# Simple Linear Regression


- Regression model predicts the values of a continous variable.

- A continous variable can take any numerical value within a range.

- A regression model can predict Salary, Price, Age, etc. as there are the continous variables. Based on the historical data.

- An independent variable changes independently. However, a dependent variable changes based on the change in another variable.

- Regression can predict weight based on height. 

- Regression can predict the stock price based on dollar rate.


In [None]:
# Importing the required libraries

import pandas as pd
import numpy as np

## 2.1 Understanding The Data



In [None]:
#importing the dataset

df = pd.read_csv('Salary_Data.csv')

In [None]:
#checking the dataset variables
df

In [None]:
#checking the shape of the data
print('Shape of the dataset (NO. of rows, No. of columns):', df.shape)

## 2.2 Defining Training And Test Patterns



In [None]:
#first, defining input & output features

x=df.iloc[:,:-1].values
y=df.iloc[:,-1].values

#second, checking the shape of input & output features

print('Shape of the input features:', x.shape)
print('Shape of the output features:', y.shape)


df.iloc[:, 2] selects the second column but df.iloc[:, :2] or explicitly df.iloc[:, 0:2] selects the columns until (excluding) the second column. It's the same as Python's slices. When you use a negative index, nothing changes.

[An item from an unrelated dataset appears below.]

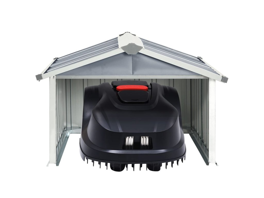 Vďaka pozinkovanej oceľovej konštrukcii je skladovacia záhradka pevná a stabilná. Nabíjaciu stanicu môžete umiestniť do garáže a robotická kosačka do nej vstúpi vždy, keď ju bude potrebné nabiť. Robotická kosačka automaticky vojde dovnútra a dobre tam zostane, kým znova pôjde von kosiť trávu.

If you say df.iloc[:, -1] it means the last column, but df.iloc[:, :-1] means until the last column. 

https://stackoverflow.com/questions/37512079/python-pandas-why-does-df-iloc-1-values-for-my-training-data-select-till

In [None]:
#defining the training & test sets
from sklearn.model_selection import train_test_split

x_train, x_test, y_train, y_test = train_test_split(x,y, test_size = 1/3, random_state = 0)

#checking the shape of the training & test sets
print('Shape of the train data:', x_train.shape)
print('Shape of the test data:', y_train.shape)

In [None]:
#to illustrate my understanding 
print(x_train, y_train, x_test, y_test)

## 2.3 Fitting The Simple Linear Regression Model

In [None]:
#importing the required libraries

from sklearn.linear_model import LinearRegression

#defining the sample linear regression model

regressor = LinearRegression()

In [None]:
#traaining the simple linear regression model

regressor.fit(x_train, y_train)

In [None]:
#the regression coefficient
print('The regression coefficient:', regressor.coef_[0])

In [None]:
#calculating the intercept
print('The intercept:', regressor.intercept_)

In [None]:
#Calculating the fitted Linear regression line
print('The regressor line is: y = ', regressor.intercept_, '+', regressor.coef_[0], '*X')

## 2.4 Making Predictions On The Test Data



In [None]:
#making prediction on the test data
y_pred = regressor.predict(x_test)
print(pd.DataFrame(y_pred, y_test))

In [None]:
images = np.array(y_pred)
label = np.array(y_test)
dataset = pd.DataFrame({'Actual': label, 'Predicted': list(images)}, columns=[ 'Actual', 'Predicted'])

In [None]:
dataset.Predicted = dataset.Predicted.round()

In [None]:
dataset = dataset.astype({'Actual':'int64'}, {'Predicted':'int64'}) # It worked
dataset 

## 2.5 Evaluating The Prediction Performance



In [None]:
#visualizing the fitted regression line aganist the predicted values

import matplotlib.pyplot as plt

plt.scatter(x_test, y_test, color = 'red')
plt.plot(x_train, regressor.predict(x_train), color = 'blue')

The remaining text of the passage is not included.